** Data for this task **
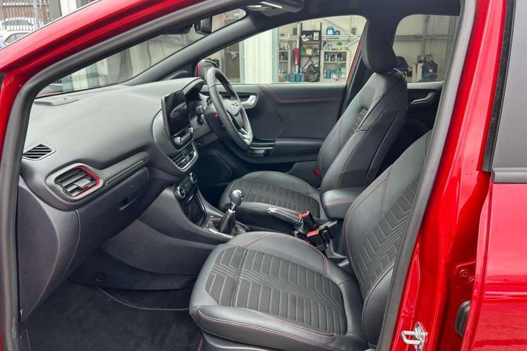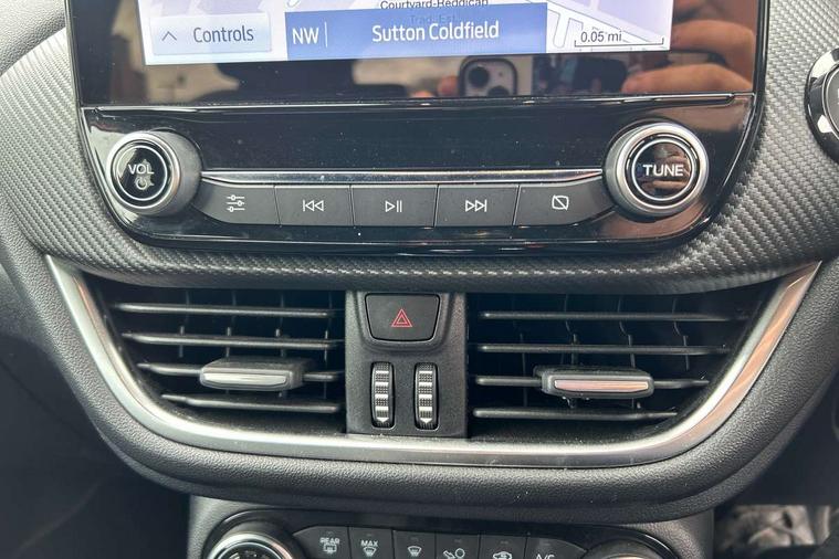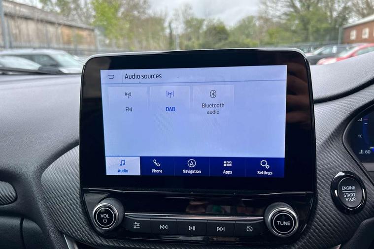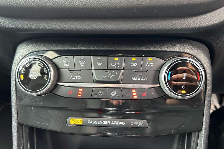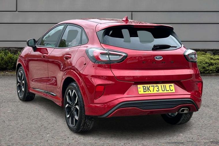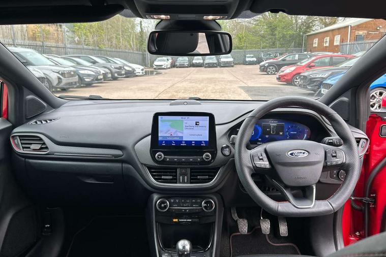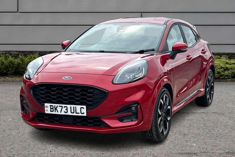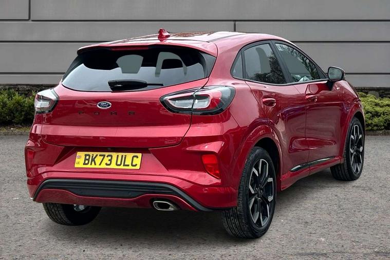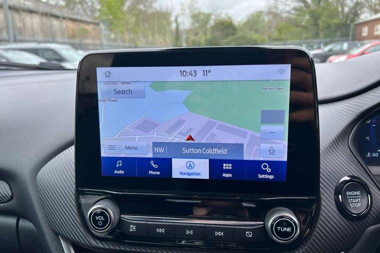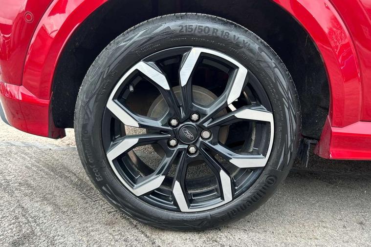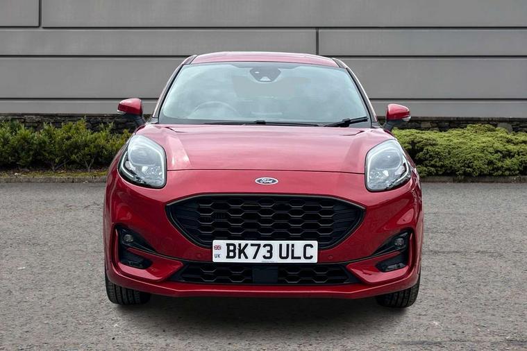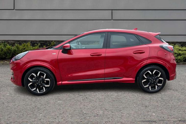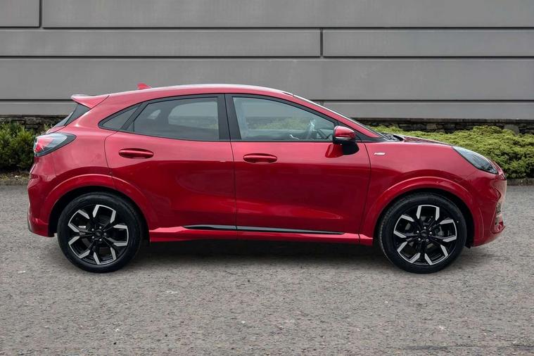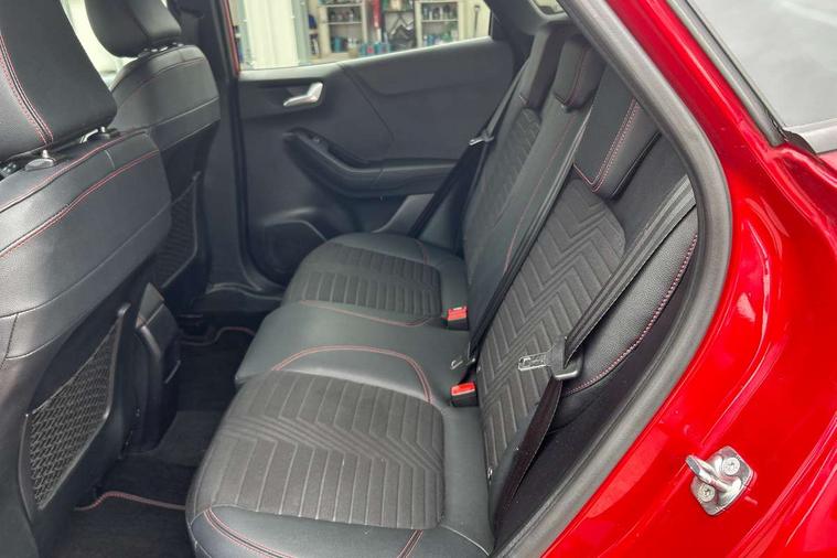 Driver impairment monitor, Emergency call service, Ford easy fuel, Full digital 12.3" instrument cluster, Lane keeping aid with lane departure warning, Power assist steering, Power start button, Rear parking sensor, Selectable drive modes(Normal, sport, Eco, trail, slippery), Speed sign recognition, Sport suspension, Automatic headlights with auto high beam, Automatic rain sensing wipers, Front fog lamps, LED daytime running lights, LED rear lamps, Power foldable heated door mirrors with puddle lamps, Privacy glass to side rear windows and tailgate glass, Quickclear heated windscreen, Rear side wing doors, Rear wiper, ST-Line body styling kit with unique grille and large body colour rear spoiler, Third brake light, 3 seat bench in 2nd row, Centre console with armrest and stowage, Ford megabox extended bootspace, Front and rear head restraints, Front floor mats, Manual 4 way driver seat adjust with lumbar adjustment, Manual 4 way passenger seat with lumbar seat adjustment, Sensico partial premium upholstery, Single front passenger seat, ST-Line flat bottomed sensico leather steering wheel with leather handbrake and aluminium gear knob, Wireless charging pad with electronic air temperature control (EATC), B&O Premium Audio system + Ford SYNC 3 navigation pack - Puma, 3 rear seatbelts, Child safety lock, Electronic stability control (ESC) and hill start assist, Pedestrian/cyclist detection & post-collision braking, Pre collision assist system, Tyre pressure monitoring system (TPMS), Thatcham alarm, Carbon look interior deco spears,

* * *

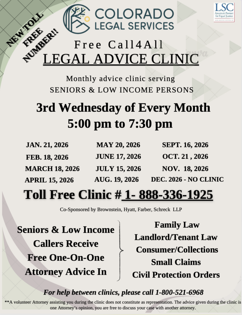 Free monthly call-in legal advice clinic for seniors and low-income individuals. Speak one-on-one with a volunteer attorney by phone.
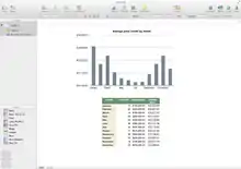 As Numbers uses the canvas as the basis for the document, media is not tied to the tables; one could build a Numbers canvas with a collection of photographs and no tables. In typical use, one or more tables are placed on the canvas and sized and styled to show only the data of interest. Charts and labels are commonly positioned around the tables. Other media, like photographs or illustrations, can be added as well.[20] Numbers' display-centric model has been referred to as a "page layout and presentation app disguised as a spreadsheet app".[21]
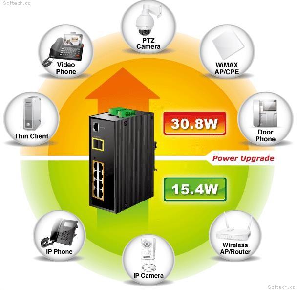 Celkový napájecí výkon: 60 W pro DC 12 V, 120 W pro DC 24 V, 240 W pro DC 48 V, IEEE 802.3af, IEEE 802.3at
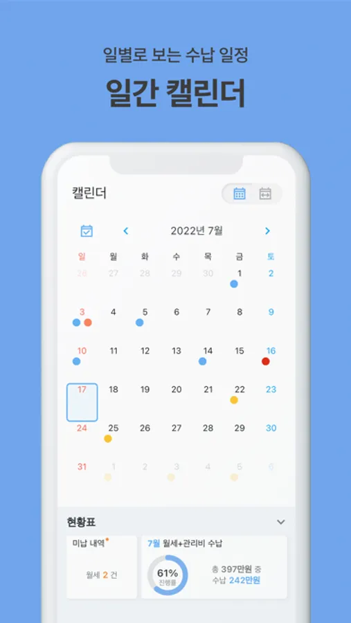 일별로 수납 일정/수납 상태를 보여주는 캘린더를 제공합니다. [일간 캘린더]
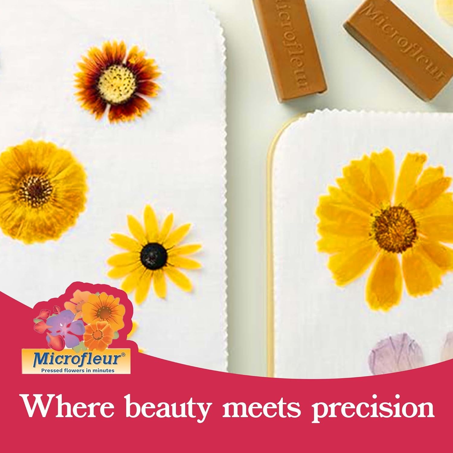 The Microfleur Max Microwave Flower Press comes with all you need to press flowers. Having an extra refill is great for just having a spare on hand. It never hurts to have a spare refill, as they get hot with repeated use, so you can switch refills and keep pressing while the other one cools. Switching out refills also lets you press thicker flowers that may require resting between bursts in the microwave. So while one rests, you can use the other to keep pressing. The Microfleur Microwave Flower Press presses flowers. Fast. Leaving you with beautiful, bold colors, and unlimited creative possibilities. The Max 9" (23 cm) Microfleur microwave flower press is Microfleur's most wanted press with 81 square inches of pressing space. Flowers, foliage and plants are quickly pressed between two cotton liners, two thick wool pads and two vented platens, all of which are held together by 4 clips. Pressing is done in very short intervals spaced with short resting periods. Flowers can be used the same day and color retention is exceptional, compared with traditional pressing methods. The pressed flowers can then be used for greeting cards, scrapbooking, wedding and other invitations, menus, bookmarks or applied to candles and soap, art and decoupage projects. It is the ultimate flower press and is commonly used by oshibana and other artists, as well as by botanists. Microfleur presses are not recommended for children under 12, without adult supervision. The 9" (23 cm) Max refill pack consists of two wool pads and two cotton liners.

** Activity **
When you reach the line with "Celkový napájecí výkon: 60" in the records above, begin repeating the lines exactly, and stop after the line with "일별로 수납 일정/수납 상태를 보여주는 캘린더를 제공합니다. [일간 캘린더]". Skip all pictures.

** Answer for this exercise **
 Celkový napájecí výkon: 60 W pro DC 12 V, 120 W pro DC 24 V, 240 W pro DC 48 V, IEEE 802.3af, IEEE 802.3at
 일별로 수납 일정/수납 상태를 보여주는 캘린더를 제공합니다. [일간 캘린더]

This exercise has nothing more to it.